🤖 AI Summary
This work addresses the redundancy and poor compressibility of 3D Gaussian Splatting (3DGS) representations. To this end, we propose a compact encoding framework that jointly leverages spatial structure and semantic features. Methodologically, we design a recursive voxel hierarchy to explicitly model the spatial distribution of Gaussians and introduce a lightweight feature abstraction network that jointly encodes multi-attribute semantic properties—including color, opacity, covariance, and material—into a discrete, learnable, compact representation.
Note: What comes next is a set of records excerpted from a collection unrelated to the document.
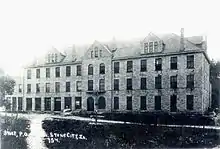 Stone City was founded in 1850 along the banks of the Wapsipinicon River. Early settlers discovered dolomite and limestone at the location.[2] In its earliest history Stone City was known as the Anamosa Quarries. Later the area became known as the Stone City Quarries.[3] In the late 1800s, Henry Dearborn, John Green, and John Ronen each opened limestone quarries in the area.[4][5] As the railroad system expanded westward, distribution of limestone to bordering states increased. Stone City limestone became the primary building material for railroad bridges, bridge piers, and foundations for major buildings.[6] Each year, between the years 1859 to 1895, over 150,000 railroad car shipments of limestone were sent from Stone City.[7]
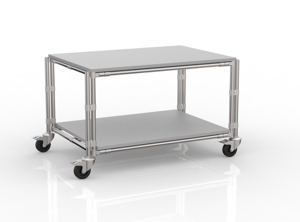 Höhenverstellbarer antistatischer Wagen aus einem Rohrsystem-Bausatz ist die ideale Wahl für die Manipulation von Waren, die empfindlich auf elektronische Ladung reagieren. Der Wagen ist mit einer ESD-Laminatplatte von 19 mm Dicke ausgestattet. Die Höhe der Arbeitsfläche ist zwischen 650 und 890 mm verstellbar. Die Maße sind 650 x 1000 x 700 mm, mit einem Raddurchmesser von 100 mm.
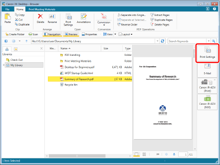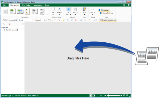 Documents in different file formats can be combined as a single document. This combined document is called an IWB document. Because you can save the configured print settings together with documents, it is unnecessary to specify the print settings every time.

The framework supports end-to-end training and preserves both rendering fidelity and view consistency while achieving substantial compression gains. Experiments demonstrate state-of-the-art compression performance across multiple standard benchmarks, reducing storage overhead by an average of 62%. Moreover, the learned representation naturally enables downstream semantic editing and material transfer tasks, offering both high compression ratio and strong generalization capability.
📝 Abstract
We present Smol-GS, a novel method for learning compact representations for 3D Gaussian Splatting (3DGS). Our approach learns highly efficient encodings in 3D space that integrate both spatial and semantic information. The model captures the coordinates of the splats through a recursive voxel hierarchy, while splat-wise features store abstracted cues, including color, opacity, transformation, and material properties. This design allows the model to compress 3D scenes by orders of magnitude without loss of flexibility. Smol-GS achieves state-of-the-art compression on standard benchmarks while maintaining high rendering quality. Beyond visual fidelity, the discrete representations could potentially serve as a foundation for downstream tasks such as navigation, planning, and broader 3D scene understanding.